Dried aerial parts (30 kg) of A. acuta were cut to small pieces and were extracted two times with 95% EtOH under reflux for 2 h and concentrated under vacuum, which was then extracted three times sequentially with equal volumes of petroleum ether and chloroform extract (150 g), which was separated into five fractions (A–E) by normal-phase silica gel column chromatography (CC) (1200 g of silica gel, 200–300 mesh) using a stepwise gradient elution of CHCl3/MeOH (from 100:0 to 0:100, v/v). Fracton B (7.3 g) was separated into three subfractions (B-1, B-2 and B-3) on a normal-phase silica gel column using a stepwise gradient elution of petroleum ether/acetone (from 100:0 to 50:50, v/v). Fraction B-1 was then passed through a Sephadex LH-20 column with a MeOH eluent to yield three subfractions (B-1-1, B-1-2 and B-1-3); the B-1-1 subfraction was purified by a reverse-phase HPLC system (10 mL/min, 280 nm), eluted with MeOH/H2O (99:1, v/v) to afford 1 (9.5 mg, tR 35.37 min); 2 (8 mg, tR 42.61 min); 3 (6 mg, tR 32.05 min) and 4 (10 mg, tR 43.75 min).

Acutacoside F (1): White amorphous powder, −24.4° (c 0.09, MeOH); UV (MeOH) λmax (log ε) 278 (0.67) nm; IR (KBr) νmax: 3429, 2929, 2859, 1730, 1684, 1141 and 1061 cm−1, 1H-NMR and 13C-NMR data, see Table 1; HR-TOF-MS m/z 1419.7766 [M + Na]+ (calcd. for C72H116O26Na, 1419.7653).

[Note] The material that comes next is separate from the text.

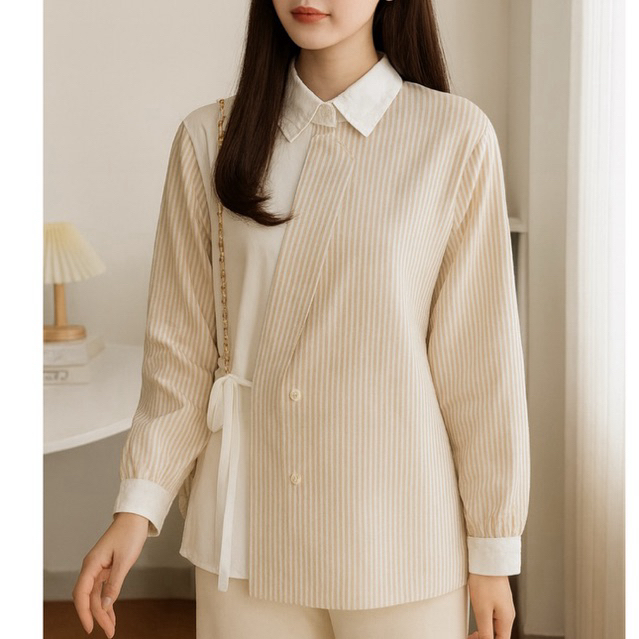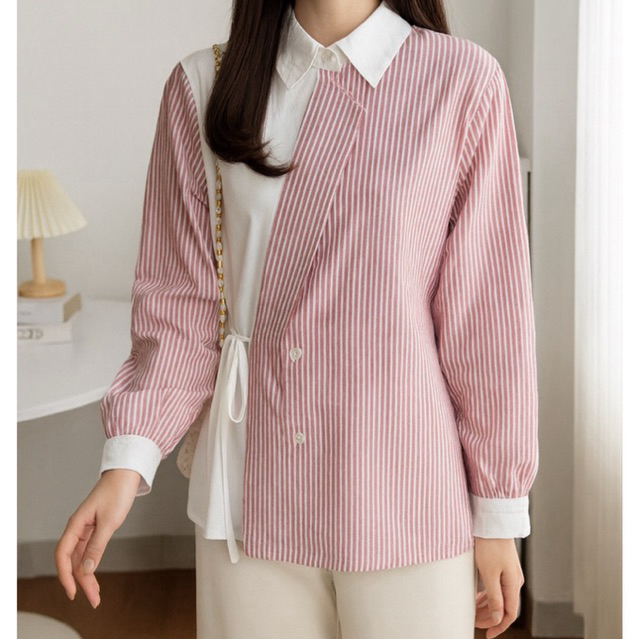KANZA Kemeja Kombinasi Motif Salur Lengan Panjang Murah Gratis Ongkir

Acutacoside G (2): White amorphous powder; −18.0° (c 0.25, MeOH); UV (MeOH) λmax (log ε) 217 (0.74), 279 (1.02) nm; IR (KBr) νmax: 3451, 2930, 1733 and 1064 cm−1, 1H-NMR and 13C-NMR data, see Table 1; HR-TOF-MS m/z 1405.7697 [M + Na]+ (calcd. for C71H114O26Na, 1405.7496).

Acutacoside H (3): White amorphous powder; −23.7° (c 0.19, MeOH); UV (MeOH) λmax (log ε) 217 (0.37), 280 (0.42) nm; IR (KBr) νmax: 3424, 2929, 1728 and 1067 cm−1, 1H-NMR and 13C-NMR data, see Table 1; HR-TOF-MS m/z 1405.7466 [M + Na]+ (calcd. for C71H114O26Na, 1405.7496).

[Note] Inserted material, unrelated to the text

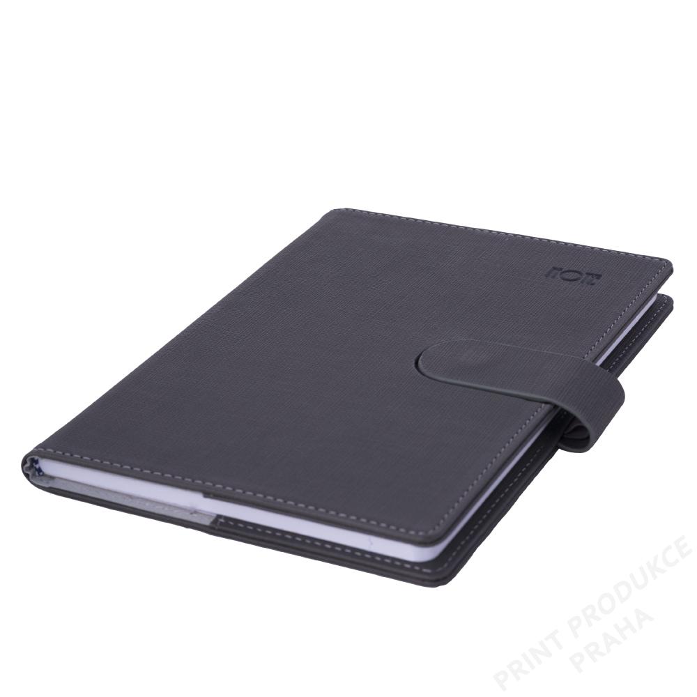 Formát: A5 - Rozměr: 143 x 205 mm - Potahový materiál: vzorovaná matná koženka - Barva bloku: bílá - Záložka: bílá - Papír: tečkovaný s perforací - Počet stran: 144 - Vazba: šitá V8 (tkaná niť) - Součástí notesu je poutko na propisku a magnetické zavírání.

Acutacoside I (4): White amorphous powder; −11.3° (c 0.15, MeOH); UV (MeOH) λmax (log ε) 217 (0.62), 280 (0.87) nm; IR (KBr) νmax: 3453, 2930, 1734 and 1066 cm−1, 1H-NMR and 13C-NMR data, see Table 1; HR-TOF-MS m/z 1433.8016 [M + Na]+ (calcd. for C73H118O26Na, 1433.7809).

3.5. Hydrolysis

In order to identify the kinds of organic acid groups, sugar and the absolute configuration of aglycone, compounds 1–4 were hydrolyzed with alkaline and acid. The procedures were performed as described earlier [12].

4. Conclusions

In conclusion, investigation of the aerial parts of A. acuta afforded four new compounds.